A bench of chief justice DK Upadhyaya and justice Tejas Karia sought the Centre’s response on a petition filed by a man named Dr Chandresh Jain, challenging sections 17 to 21, 23, 29, 33, 34, 36, 37 and 44 of the Act, along with the rules. The Act was enacted by Parliament in August 2023, but only came into operation after the Centre notified the rules in November last year.

Section 17 empowers the central government to exempt certain data fiduciaries, including its own agencies, from provisions of the Act on grounds such as sovereignty, security of the State, and public order. Sections 18 to 21 deal with the establishment and functioning of the Data Protection Board.

Sections 23 and 29 provide for mediation mechanisms and appeals against the Board’s orders before the Telecom Disputes and Appellate Tribunal (TDSAT).

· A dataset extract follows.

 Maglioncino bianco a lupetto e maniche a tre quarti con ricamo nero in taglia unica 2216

Sections 33 to 37 concern the imposition of monetary penalties for non-compliance, while Section 44 authorises the central government to frame rules to implement the Act.

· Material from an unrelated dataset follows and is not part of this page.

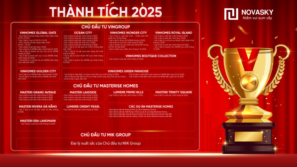 NOVASKY là đại lý phân phối cấp 1 của tập đoàn Vingroup – tập đoàn Masterise Homes, được vận hành bởi ban lãnh đạo nhiệt huyết, có tầm nhìn chiến lược.
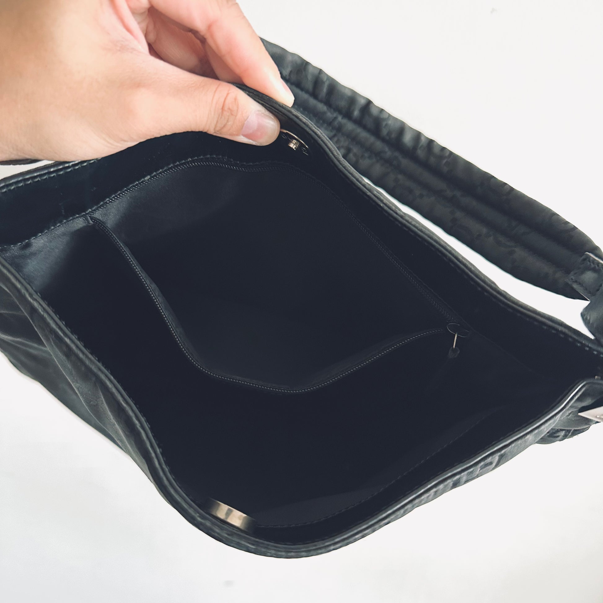 Preloved 9.6/10. This has a magnetic button closure, central compartment and zip pocket. This measures 33x30x6cm.

In his petition, Jain asserted that Section 17 grants the Centre sweeping, unbounded and unguided power to exempt itself, its departments and any of its instrumentalities from any or all the provisions of the act and this conferral of unfettered discretion upon the executive to exempt itself from privacy obligations violates the essential requirement of the right to privacy.

Jain, in his petition, further said that the provisions governing the establishment and functioning of the Data Protection Board, read with Section 23 vests adjudicatory and penalty imposing powers in a body whose composition, tenure, service conditions and procedural framework are determined by the executive through delegated rules.

Section 29, by prescribing TDSAT as the appellate forum, the petition said, violates the settled provisions of law that high courts remain the primary forum of judicial review over all tribunals and Section 33-34 permits executive-controlled adjudicators to impose enormous financial penalties carrying severe civil and economic consequences.

“The cumulative effect of the provisions is the creation of an enforcement and adjudication system that is structurally dominated by the executive, substantively vague, procedurally deficient, disproportionately restrictive of fundamental rights and constitutionally incompatible with the requirements of fairness, reasonableness, transparency and judicial independence,” the petition stated.

The manner in which these provisions are framed, the petition said, fails to create a right protective privacy framework consistent with the right to equality, personal liberty and instead creates a framework for unchecked executive power and surveillance.

The matter would be next heard on April 15.